Principles of Parallel Computing and Limitations
Principles of Parallel Computing
- Parallelism and Amdahl's Law.
- Granularity.
- Locality.
- Load balance.
- Coordination and synchronization.
- Performance modeling.
----> Making parallel programming harder than
sequential.
On Parallelism
Definition: (Due to Almasi and Gottlieb 1989) A parallel
computer is a "collection of processing elements that communicate and
cooperate to solve large problems fast."
These processing elements don't have to be as one large and expensive
parallel machine but can also be a cluster of personal computers or
workstations communicating and cooperating to tackle a
specific computational problem or application.
Here are few of the main reasons for looking into parallelism:
- It provides an interesting alternative computing paradigm.

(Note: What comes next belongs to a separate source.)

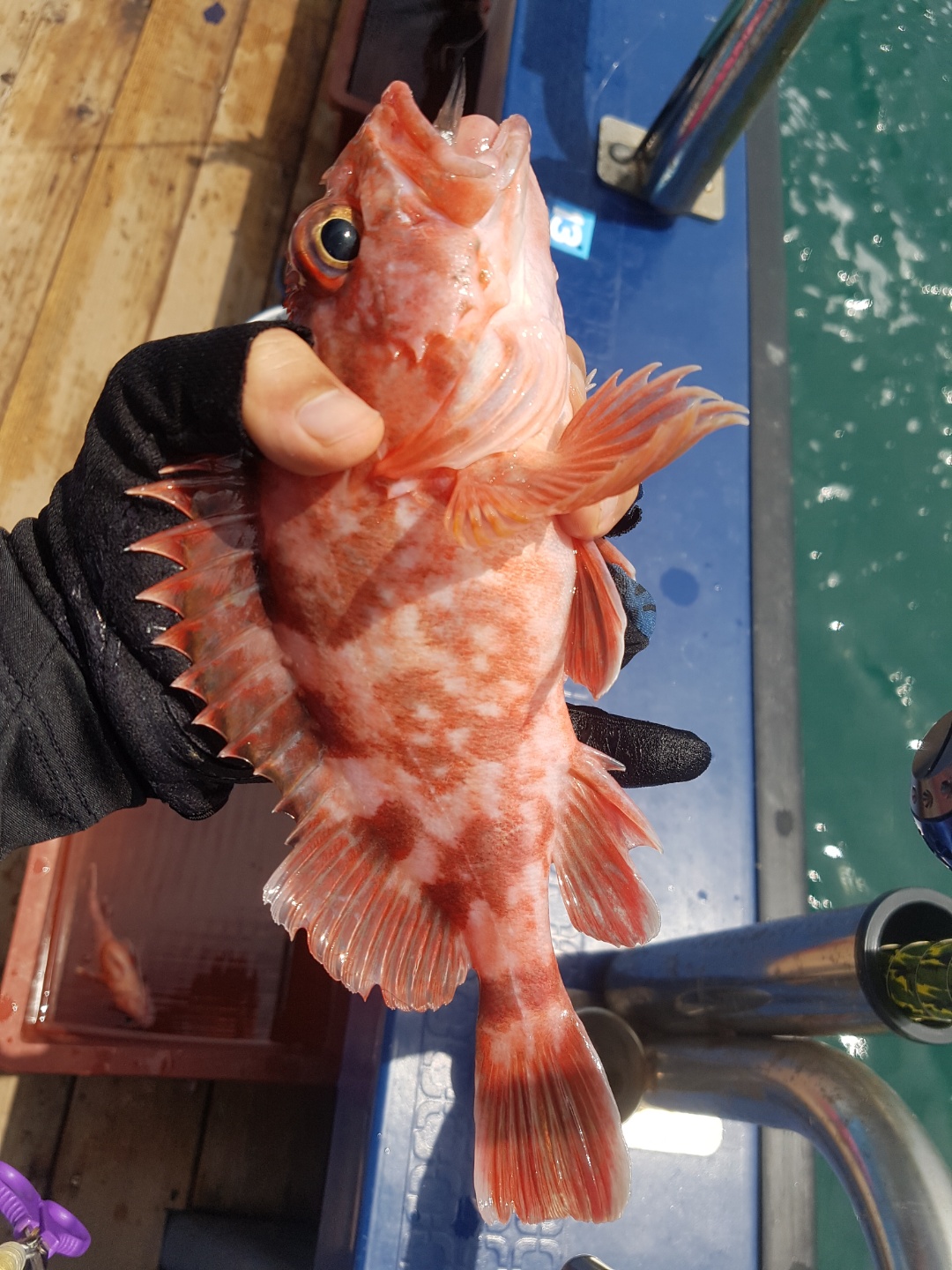 한시간쯤 가서 처음으로 바다 위에 배가 섰고 선장의 신호에 맞춰 낚시대를 들었다. 오늘 가장 많이 본 어류는 쏨뱅이였다. 쏨뱅이는 횟감, 튀김, 탕으로도 인기가 좋은 팔방미인이라고 했다.

- It applies at all levels of system design.
- It is an interesting perspective from which to view architecture.
- It is becoming increasingly central in information processing.
- Parallelism is exploited at several levels:
- Instruction-level parallelism
- Multiprocessor servers
- Large-scale multiprocessors (MPPs)
Our focus here is on the multiprocessor level of parallelism.
What limits the performance of a parallel program?
- Available parallelism.
- Load balance.
- some processors work while others wait due to insufficient
parallelism or unequal size tasks.
- examples of unequal size tasks:
- the problems are fundamentally unstructured.
- adapting to only the "interesting parts of the domain".
- dealing with trees-structured computations.
- Extra work.
- managing parallelism
- redundant computation
- Communication.
Schematic View of A Generic Multiprocessor
The following diagram shows a collection of complete computers
including one or more processors (P) each with its own cache ($) and
memory (M) communicating through a general-purpose, high-performance,
scalable interconnect. Also as shown, each node contain a
communication assistant (CA) that assists in communication across the
network.
Another schematic view of a parallel processor is shown below:
Each processor has its own cache as well as a second level cache.